Authors:
Henrik Abgaryan、Ararat Harutyunyan、Tristan Cazenave
Paper:
https://arxiv.org/abs/2408.06993
Exploring the Potential of Large Language Models in Job Shop Scheduling
Introduction
The Job Shop Scheduling Problem (JSSP) is a critical challenge in optimizing production processes. It involves allocating a set of jobs to a limited number of machines while minimizing factors like total processing time or job delays. Traditional approaches, such as mathematical programming and heuristic algorithms, often struggle with scalability and complexity. Recent advancements in artificial intelligence (AI) have introduced promising solutions like reinforcement learning and graph neural networks. This paper explores the potential of Large Language Models (LLMs) for JSSP, introducing a novel supervised dataset and demonstrating the effectiveness of LLM-based scheduling.
Related Work
JSSP is known to be NP-hard, making exact solutions generally infeasible for large instances. Traditional methods, including constraint programming and heuristic approaches like Priority Dispatching Rules (PDRs), have been widely used. Recent research has focused on deep learning and neural networks, particularly deep reinforcement learning (DRL), to address JSSP. While LLMs have shown potential in mathematical reasoning and optimization tasks, their application to JSSP remains unexplored until now.
Preliminary
JSSP involves a set of jobs and machines, where each job must be processed through a sequence of operations on specific machines. The objective is to determine a schedule that minimizes the makespan, the maximum completion time of all jobs, while meeting all constraints. The complexity of a JSSP instance is determined by the number of jobs and machines.
Dataset Generation
To train LLMs for JSSP, the problem must be represented in natural language. The authors converted the traditional matrix-based representation of JSSP into a human-readable format using two approaches: Job-Centric and Machine-Centric.
Job-Centric Approach
This approach organizes tasks by jobs, detailing the sequence of operations, corresponding machines, and durations for each job.
Machine-Centric Approach
This approach organizes tasks by machines, detailing the sequence of operations, corresponding jobs, and durations for each machine.

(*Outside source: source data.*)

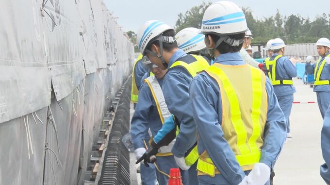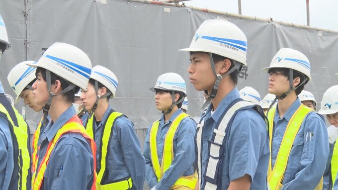 これは普段、立ち入ることができない工事現場を見学することで、建設業への関心を高めてもらおうと行われたもので、沖縄工業高校土木科のおよそ40人が参加しました。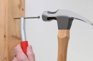 You no longer have to hold nails in place for hammering.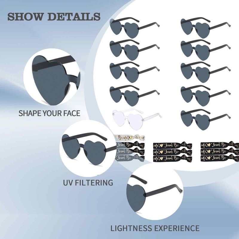 - 🩷【Bridal Shower Favors Set】- Heart sunglasses set includes 1 pair white bridal sunglasses, 9 pair black bride tribe sunglasses, 1 piece white bride hair ties, 9 pieces black bridal team hair ties, the nice combination and enough quantity can meet you and your team or friends wear, dress up needs on the wedding party, adding more charm to the party.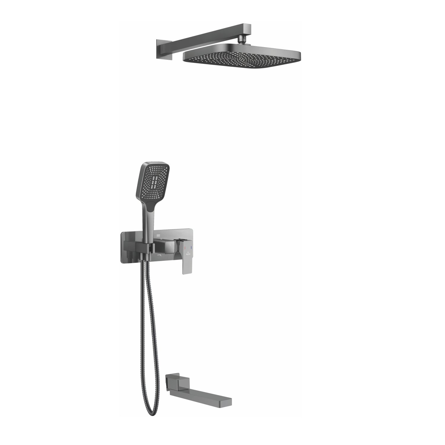 смеситель, верхний душ, кронштейн верхнего душа, шланговое подключение с держателем душевой лейки, душевая лейка, шланг, излив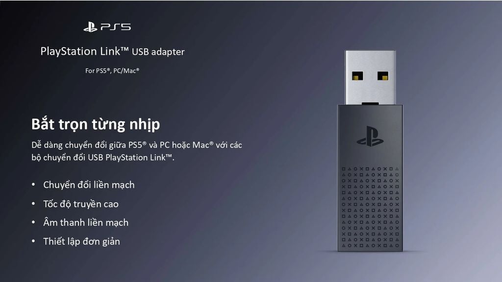 - Dùng để kết nối tai nghe PULSE Elite™ hoặc PULSE Explore™ với PS5® hoặc PC or Mac®

Zero-shot Inference and Label Generation
The authors initially attempted zero-shot inference with the Phi-3-Mini-128K-Instruct model but found it inadequate for generating feasible solutions. They then created a supervised dataset with approximately 120,000 random JSSP problems and their solutions using Google’s OR-Tools. This dataset includes problems of various sizes and durations, enhancing the model’s generalization capability.
Training
The dataset was used to fine-tune the Phi-3 model using the LoRA (Low-Rank Adaptation) method, which improves the efficiency of fine-tuning large pre-trained language models. The training involved specific configurations to optimize memory and computational efficiency. The training and validation curves indicate the model’s learning progress.
Evaluation
The model’s performance was evaluated on a separate dataset of various problem sizes. The evaluation involved parsing and validating the LLM-generated solutions to ensure feasibility.
Hyperparameter Tuning
The authors conducted a grid search to determine the best sampling hyperparameters, which significantly improved the model’s performance.

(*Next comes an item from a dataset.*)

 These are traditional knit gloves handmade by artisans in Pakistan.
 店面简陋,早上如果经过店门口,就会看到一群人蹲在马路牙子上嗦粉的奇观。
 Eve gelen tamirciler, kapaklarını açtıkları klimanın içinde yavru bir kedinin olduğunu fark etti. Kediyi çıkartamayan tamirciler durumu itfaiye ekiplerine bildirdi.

Comparative Analysis with Other Neural Approaches
The fine-tuned Phi-3 model was compared with other neural approaches, including deep reinforcement learning (L2D) and self-supervised learning (SLJ). The results show that the Phi-3 model performs competitively, achieving a relatively low median gap from the optimal solution.
Conclusion
This paper demonstrates the potential of LLMs in addressing JSSP. The fine-tuned Phi-3 model, enhanced with appropriate sampling methods, offers a promising new avenue for tackling JSSP, sometimes matching or surpassing traditional neural network approaches.

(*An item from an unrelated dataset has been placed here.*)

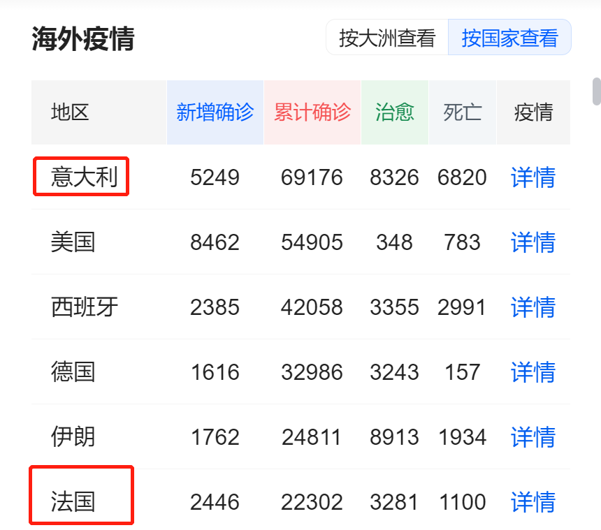 截止至北京时间3月25日11:00,意大利累计确诊69176,法国累计确诊22302,每日都新增确诊千人以上。疫情每日加剧,死亡人数居高不下,欧洲现处水深火热之中。

Limitations and Future Work
The study highlights several limitations, including the computational overhead of fine-tuning LLMs and the need for further research on larger problem sizes. Future work should explore integrating LLMs with other AI techniques, such as reinforcement learning and graph neural networks, to combine their strengths.
In summary, this paper introduces a novel supervised dataset for LLM training for JSSP, offering valuable insights and a robust framework for further exploration in this area.